Sun Storage 3511 SATA Array - Version: Not Applicable and later   [Release: N/A and later ]
Sun Storage 3510 FC Array - Version: Not Applicable and later    [Release: N/A and later]
Sun Storage 3310 Array - Version: Not Applicable and later    [Release: N/A and later]
Sun Storage 3320 SCSI Array - Version: Not Applicable and later    [Release: N/A and later]
All Platforms

Purpose

To discuss this information further with Oracle experts and industry peers, we encourage you to review, join or start a discussion in the My Oracle Support Community, Storage Disk Disk 3000 Series RAID Arrays Community.

Description


Troubleshooting Sun Storage[TM] 351x and 33x0 Controllers and Array Health.

Symptoms:

- "show config" shows a failed controller

-"show redundancy" shows Redundancy status: Failed or Scanning on a dual controller array

-"show disks" shows only one channel on a dual controller array

-"show channel" shows only one channel on a dual channel array

-Controller Alert: Redundant Controller Failure Detected

-Amber controller LED indicating failure

-Chassis sounds audible alarm

-Controller appear hung

-DRAM Parity errors

Please refer to the Sun StorEdge 3000 Family RAID Firmware 4.x User Guide, Appendix E for additional Controller related Event Messages.


Last Review Date

May 13, 2011

Instructions for the Reader

A Troubleshooting Guide is provided to assist in debugging a specific issue. When possible, diagnostic tools are included in the document to assist in troubleshooting.

Troubleshooting Details

Steps to Follow



NOTE: This is a sub-set of DocID 1011431.1 : "Troubleshooting Sun StorEdge[TM] 33x0 /351x Hardware". The steps below will help verify and resolve controller problems.

Please validate that each troubleshooting step below is true for your environment. Each step will provide instructions via a link to the document, for validating the step and taking corrective action as necessary. The steps are ordered in the most appropriate sequence to isolate the issue and identify the proper resolution.

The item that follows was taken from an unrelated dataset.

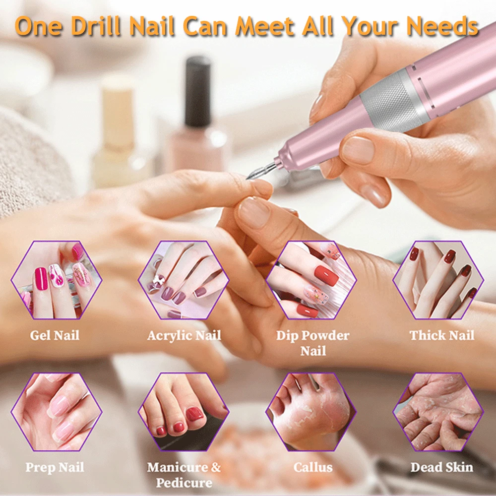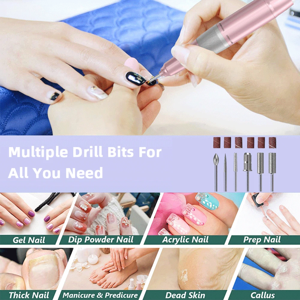 Features : 1. Rechargeable & Portable: The nail drill built in 2600mAH battery. After about 2 h charged, this electric file can use without plugging in the outlet and lasts 8-10 hour operation time. With its compact size and light weight, it can be easily to carry, convenient for you to use it anytime, anywhere. Portable clips at the rear of the body, can be hung in a belt or placed in a bag or box. 2. Adjustable speed and LED Screen : 0-45000RPM high speed and you can control the speed by a rotary switch on the top of machine. The LCD display can clearly show you the speed and the power status. 3. Low heat/vibration/noise handpiece: The special material and ample ventilation holes design enable it to have excellent heat dissipation function. Good quality makes it extremely quiet and smooth with slight vibration when doing nail care. 4. Multi-function and F/R direction : Electric Nail Drill Machine comes with 6pcs interchangeable nail drill bits (3/32”) for easily grinding, carving, cutting, polishing, removing gel polish and cuticles for both nails and natural nails. And the design with Forward and Reverse rotation directions are suitable for right hand or left hand use. 5. All-in-one Pack: comes with a plastic holder to for the handpiece, has a cradle to secure the handpiece from falling off the desk during operation; 6 drill bits, 6 sanding bands; Technical Specification : Color: Cl a ssic Gold / Classic Green/ Pearl White Dimension: 5.5 * 2.8 * 0.98 inch Rotary Speed: 0~45,000 RPM Power: 18W Charge Time: 1 Hours Working Time: 15 Hours Battery Capacity: 4000mAH Input Voltage Range: AC 100-240V/50-60(Hz) Output Voltage: DC 15V/2A Package Includes : 1 x Portable Nail Drill Machine 1 x Handpiece 1 x USB Charger 6 x Drill Bits 6 x Sanding bands 1 x User Manual

Please do not skip a step.

Step 1 - Verify the Redundancy status of the controllers is Enabled and the correct number of controller serial numbers are visible by issuing a "show redundancy" command from the sccli .

Refer to Chapter 6 of the Sun StorEdge Family FRU Installation Guide or the Sun StorEdge 3000 Family CLI 2.x User's Guide for an explanation of possible states.

Redundancy enabled on dual controller array:

sccli> show redundancy

   Primary controller serial number: 8003752
   Primary controller location: Lower
   Redundancy mode: Active-Active
   Redundancy status: Enabled
   Secondary controller serial number: 8000596


Example of failed state:

sccli> show redundancy

    Primary controller serial number: 8021942
    Primary controller location: Lower
    Redundancy mode: Active-Active
    Redundancy status: Failed
    Secondary controller serial number: 8025533

Step 2 - Verify the FRU status of the FC_RAID_IOM is OK by issuing a "show fru" command from the sccli .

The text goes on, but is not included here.